Active learning aims to maximize the model performance with the constrained labeling budget. This paper introduces the Generative Membership Query Descriptor (GenMQD) method for active learning, which generates textual descriptions instead of directly sample selection. By leveraging multi-modal models like CLIP to convert these descriptions into natural language, GenMQD enhances model accuracy by 2.43% and is preferred by human annotators over traditional image-based queries.
优点
[Novelty] In the previous works of active learning, most of works were focused on how to select the informative dataset to enhance the model significantly. However, this paper focused on how to generate the informative text to gather the corresponding images. I think this concept makes sense, and can be a novel approach.
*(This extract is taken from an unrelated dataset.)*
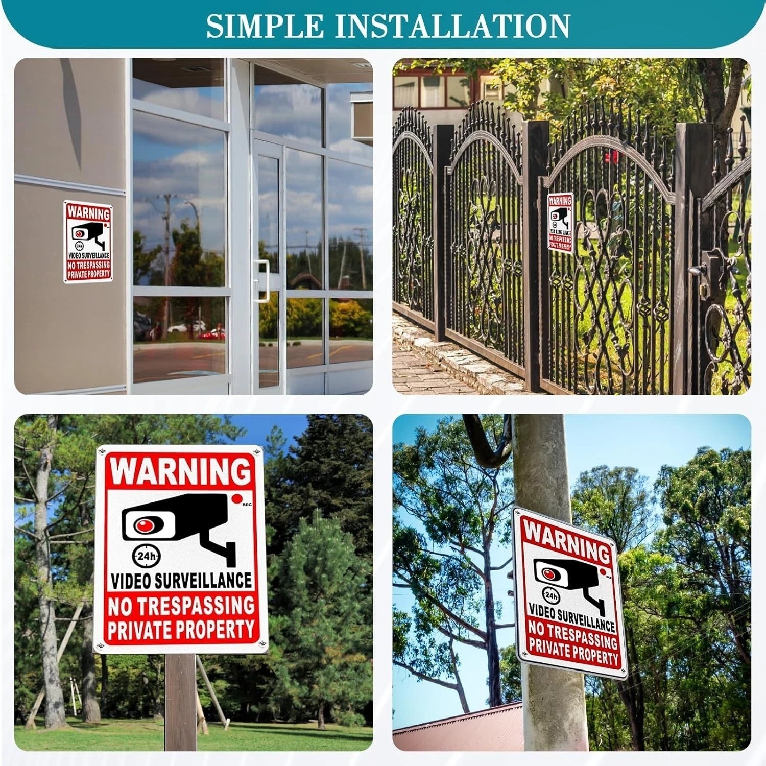4 Pack Private Property No Trespassing Signs Aluminum Yard Security Camera Sign

[Thorough Analysis] My major concern is that Is the description well generated, and is there any corresponding images?. As shown in Tab. 2, the generated texts seem to be meaningful, and these are supporting evidences for improving the model performance.
缺点
[Baselines] I think this method should be compared with not only query / data synthesizing methods but also sample selection methods that is traditional AL techniques. This is because sample selection is currently the major stream in active learning research domain.
[Prove the effectiveness] Tab. 1 shows that the proposed method has lower performance than the other baselines, which seem to be a different setting. However, in the same setting, there is no other methods to compare with proposed method. I think several baselines should be added in the same setting.
[Unfamiliar datasets for CLIP] The authors adopted the pre-trained CLIP for extracting image features and generating the text from the features. However, there are several datasets that are not familiar with CLIP such as Flowers102, EuroSAT, etc. I'm wondering that This method is applicable for all the datasets? Or is it only applicable for specific datasets that are familiar with CLIP?. In former one, I think the PEFT method (e.g, LoRA) can be applied into CLIP.
[Related Works] It seems to be that Related Work section needs to be enhanced. I suggest the recent AL papers as below:
[1] Active Prompt Learning in Vision Language Models, CVPR 2024
[2] Active Generalized Category Discovery, CVPR 2024
[3] Entropic Open-Set Active Learning, AAAI 2024
Overall, it seems to be good approach, but there are several concerns in this work. I am going to raise my score if the concerns are solved.
问题
I already stated in the weakness section.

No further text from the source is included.